Penal statutes, those which command or prohibit certain acts and establish penalties for their violation, must be strictly construed in favor of the accused and against the state. Wanzer v. State, 202 Md. 601, 611, 97 A. 2d 914, 918 (1953); Weinecke v. State, 188 Md. 172, 176, 52 A. 2d 73, 74 (1947). The rule requiring a strict construction of such statutes means that the punishment proscribed will not be extended to cases not plainly falling within the language of the statute. Smith v. Higinbothom, 187 Md. 115, 130, 48 A. 2d 754, 761 (1946); State v. Fleming, 173 Md. 192, 196, 195 A. 392, 393 (1937); Healy v. State, 115 Md. 377, 379, 80 A. 1074, 1075 (1911); Mitchell v. State, 115 Md. 360, 364, 80 A. 1020, 1022 (1911). It is thus fundamental that no person can be held for violating a criminal statute unless the act with which he is charged comes plainly within both the letter and the spirit of the statute under which the charge is laid. State v. Sinclair and Sinwellan Corp., 274 Md. 646, 660, 337 A. 2d 703, 712 (1975); Fowel v. State, 206 Md. 101, 106, 110 A. 2d 524, 526 (1955).

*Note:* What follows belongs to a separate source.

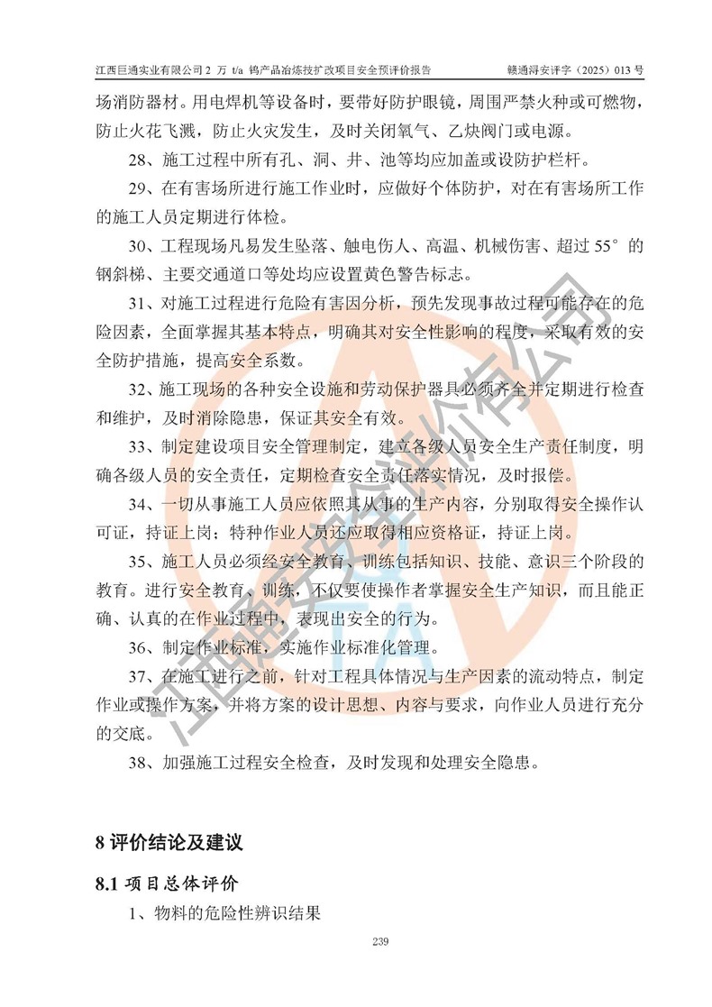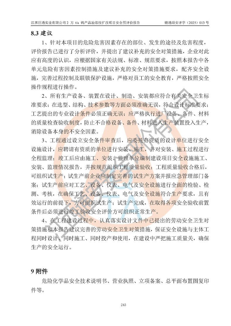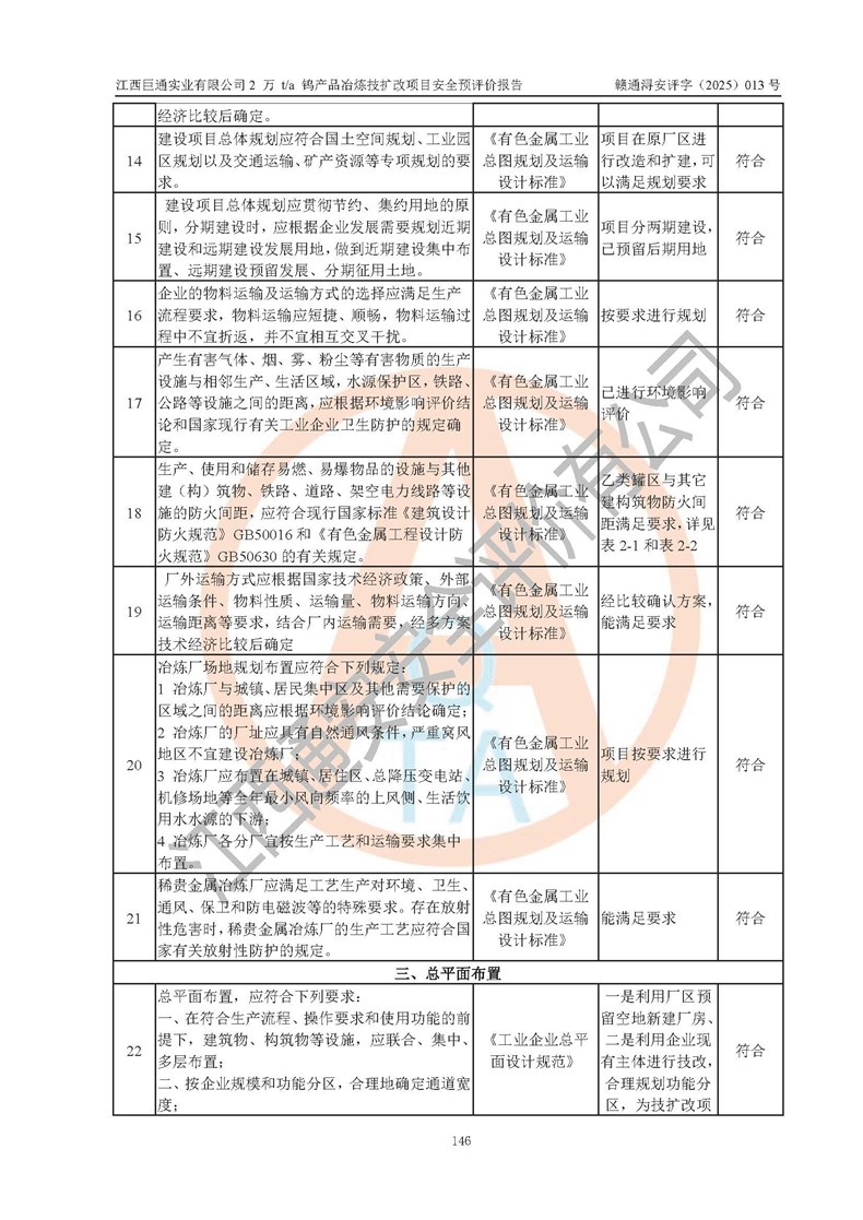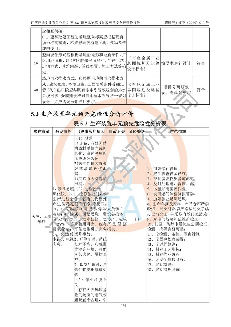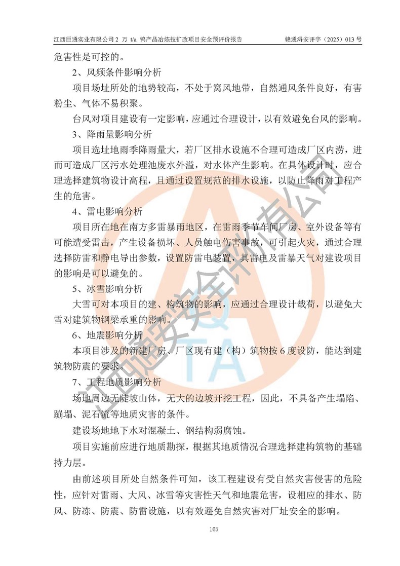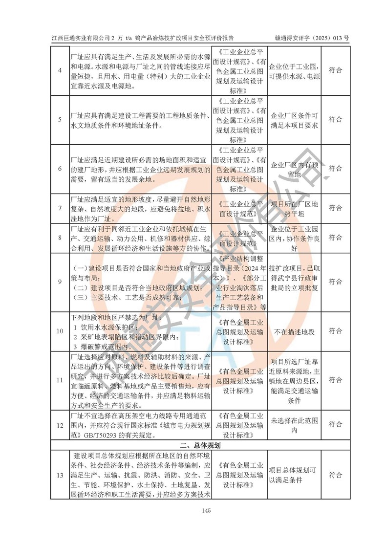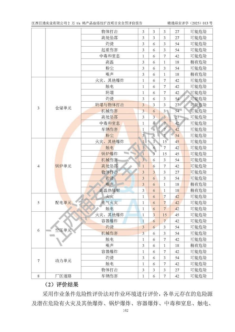 评价结论 | 江西巨通实业有限公司“2 万 t/a 钨产品冶炼技扩改项目”的厂址及总体布局、周边环境、自然环境能满足建设安全条件;项目选择的工艺过程及设备设施的安全可靠性能达到**法规、标准规定要求;项目存在的危险有害因素可控,在落实本评价报告提出的有关安全对策措施后,其危险有害程度能达到可以接受的程度,项目建设能够实现安全生产条件。 | |||

As was stated in Daniel Loughran Co. v. Lord Baltimore Candy and Tobacco Co., 178 Md. 38, 47, 12 A. 2d 201, 205 (1940) “[t]he legislature, in the exercise of its power to declare what shall constitute a crime or punishable offense, must inform the citizen with reasonable precision what acts it intends to prohibit, so that he may have a certain understandable rule of conduct and know what acts it is his duty to avoid. 14 Am. Jur. 773, “CriminalLaw,” sec. 19; 16 C. *431J. 67; Connally v. General Construction Co., 269 U. S. 385, 46 S. Ct. 126, 70 L. Ed. 322.”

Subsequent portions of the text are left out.